The Music Instrument Fund of Ireland (MIFI) is an Irish charitable organization and company limited by guarantee that provides high-quality historical string instruments to exceptionally talented young musicians. Founded in May 1995 by the Dutch violinist and pedagogue Ronald Rudolf Masin, the fund addresses financial barriers in classical music education by operating a bank of fine violins, violas and cellos, loaning them to students.

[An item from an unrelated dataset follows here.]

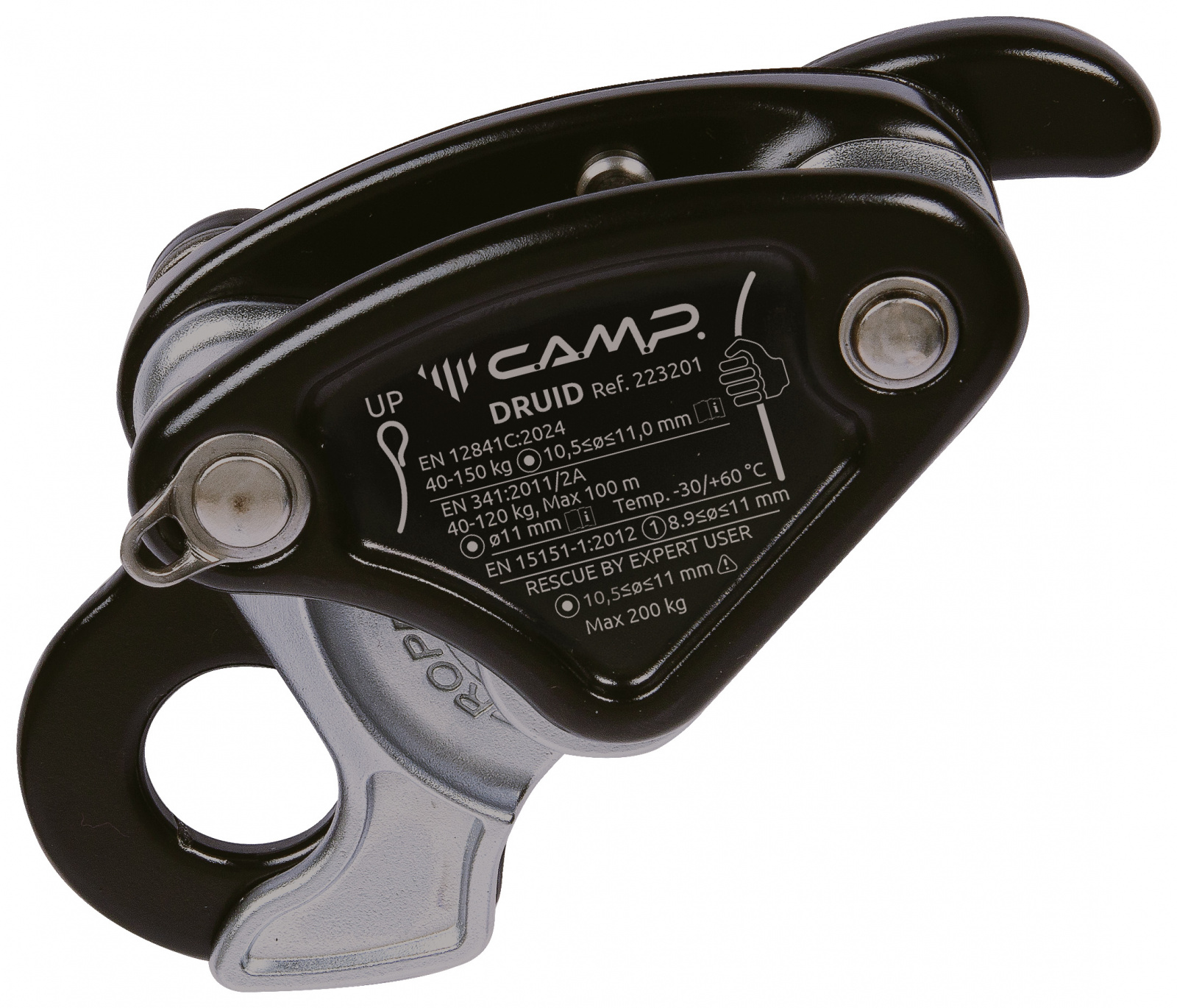 Druid от CAMP — это лёгкое, компактное спусковое устройство-автоблокант для веревочного доступа, спасательных работ и промышленного альпинизма, специально разработанное для полустатических верёвок диаметром 10–11 мм.

== History and socio-economic context ==
MIFI was officially incorporated as a company limited by guarantee on 29 May 1995. The initiative emerged in response to a structural crisis in Irish string pedagogy during the late 1980s and early 1990s. Following his relocation to Dublin, founder Ronald Masin identified a recurring phenomenon of "acoustic stagnation" or a "plateau effect" among advanced Irish string students. Due to economic stagnation and high unemployment in Ireland at the time, families frequently struggled to afford instruments capable of meeting the technical and expressive demands of advanced repertoire.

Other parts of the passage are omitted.